- Recorded data:

........

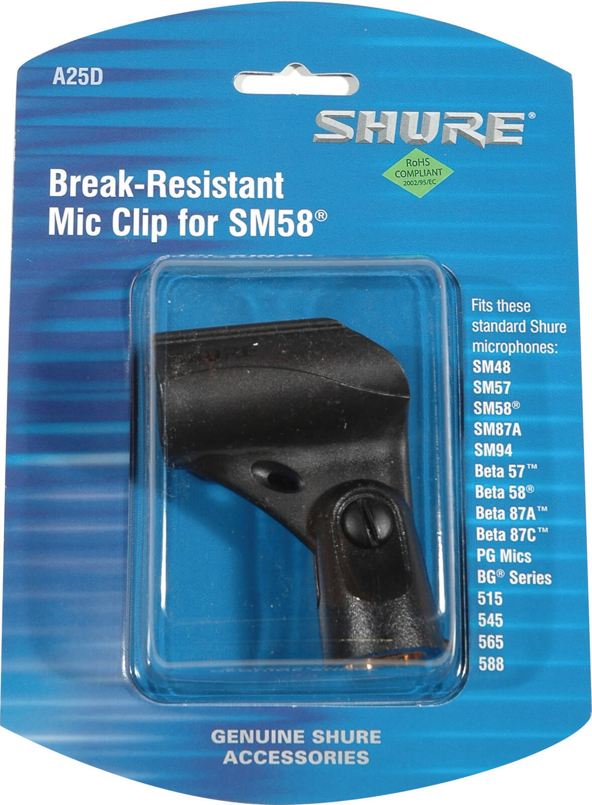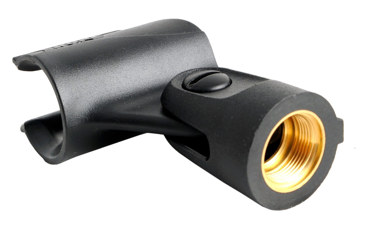 Ajusta con seguridad los micrófonos SM58, SM57, SM87A, Beta 87A, Beta 87C y todos los micrófonos con un mínimo de 3/4" de anchura a un pedestal de micrófono.
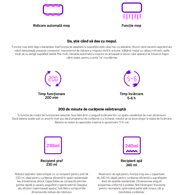 Curata mult si bine Capacitatea mare a bateriei, 5200mAh, permite utilizarea programelor puternice pentru mai mult timp si in spatii extra-generoase, in timp ce puterea de aspirare de 4000 Pa garanteaza absorbtia atat a particulelor minuscule de praf, cat si a fi rimiturilor, a parului de animale sau alte urme de murdarie. |
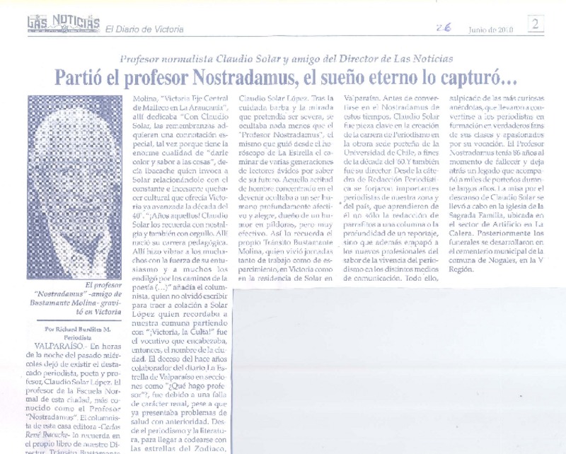 Partió el profesor Nostradmus, el sueño eterno lo caprturó-- [artículo] Richard Burdiles M.
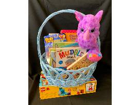 T8. Duplo 10513 Never Land Hideout (retired) Legos. Bob the Builder action figure, Chicka Chicka Boom Boom floor puzzle, Eric Carle matching game, Love and Kisses board book, Muddle and Match board book, Tiny Turtles board book, Skippyjon Jones color crazy board book, Skippyjon Jones Up & Down, Skippyjon Jones Sing-a-Long jigsaw puzzle book, and a stuffed purple rhinoceros.
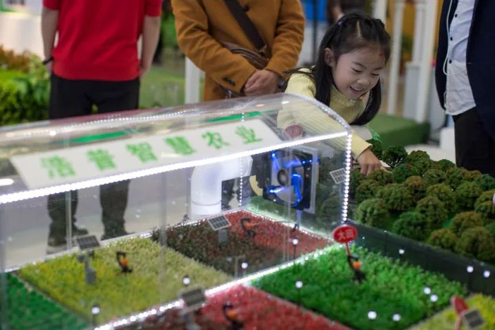 在7号场馆,智慧农业吸引市民参观。张玉杰 摄
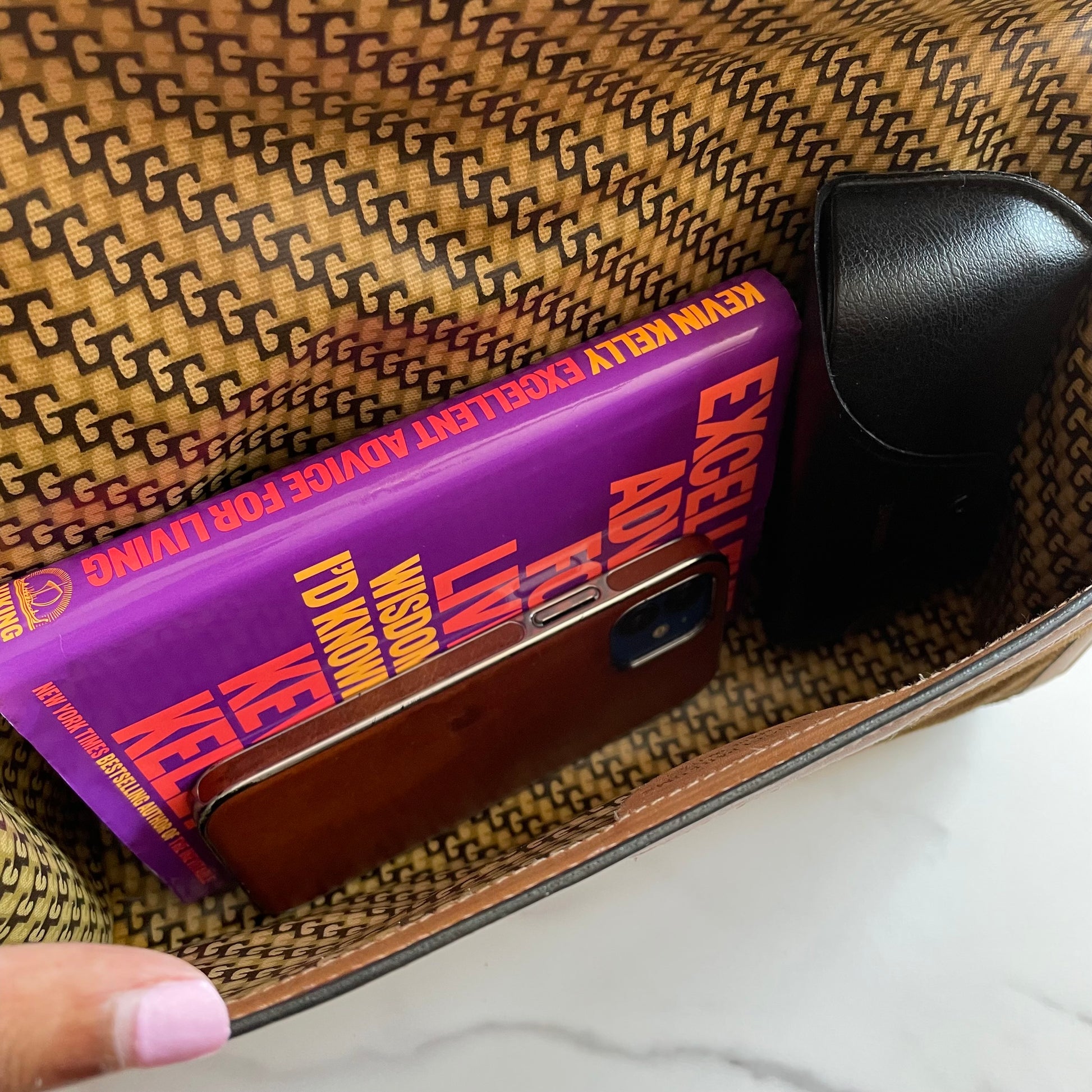 The interior is clean and spacious with signature GG lining - can easily hold a long wallet, phone and much more.
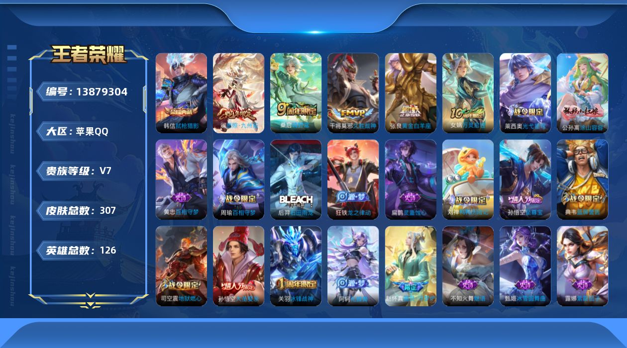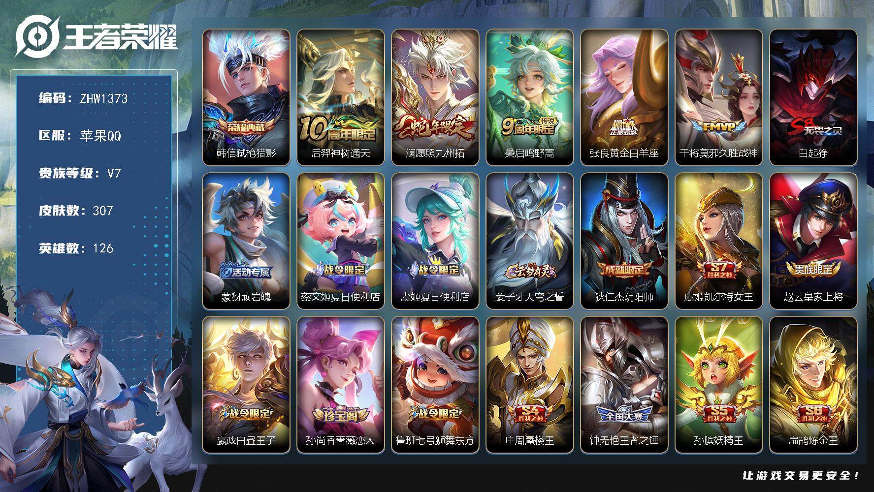 [13879304]可二次【店主推荐捡漏号!可直接换绑/5市标8现标】:苹果Q-V7-最强王者段位-126英雄-307皮肤-1典藏-5传说-80史诗
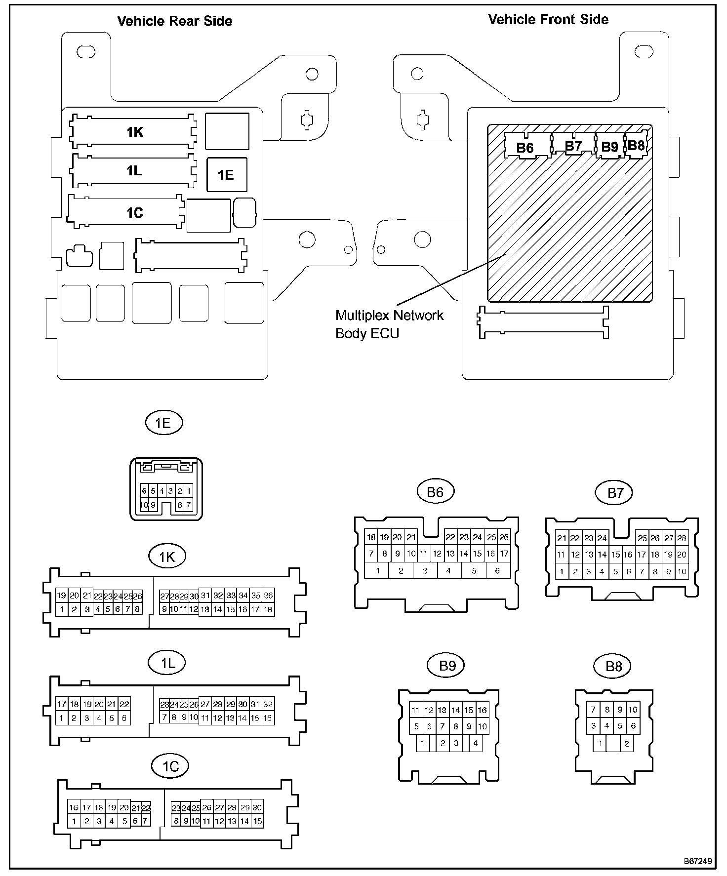 a. Disconnect the B7 ECU, 1C, 1E, 1K and 1L and 1C J/B connectors.

........

- Exercise aim:
Drop the images and transcribe the entries above exactly.

- Result for this task:
 Ajusta con seguridad los micrófonos SM58, SM57, SM87A, Beta 87A, Beta 87C y todos los micrófonos con un mínimo de 3/4" de anchura a un pedestal de micrófono.
 Curata mult si bine Capacitatea mare a bateriei, 5200mAh, permite utilizarea programelor puternice pentru mai mult timp si in spatii extra-generoase, in timp ce puterea de aspirare de 4000 Pa garanteaza absorbtia atat a particulelor minuscule de praf, cat si a fi rimiturilor, a parului de animale sau alte urme de murdarie. |
 Partió el profesor Nostradmus, el sueño eterno lo caprturó-- [artículo] Richard Burdiles M.
 T8. Duplo 10513 Never Land Hideout (retired) Legos. Bob the Builder action figure, Chicka Chicka Boom Boom floor puzzle, Eric Carle matching game, Love and Kisses board book, Muddle and Match board book, Tiny Turtles board book, Skippyjon Jones color crazy board book, Skippyjon Jones Up & Down, Skippyjon Jones Sing-a-Long jigsaw puzzle book, and a stuffed purple rhinoceros.
 在7号场馆,智慧农业吸引市民参观。张玉杰 摄
 The interior is clean and spacious with signature GG lining - can easily hold a long wallet, phone and much more.
 [13879304]可二次【店主推荐捡漏号!可直接换绑/5市标8现标】:苹果Q-V7-最强王者段位-126英雄-307皮肤-1典藏-5传说-80史诗
 a. Disconnect the B7 ECU, 1C, 1E, 1K and 1L and 1C J/B connectors.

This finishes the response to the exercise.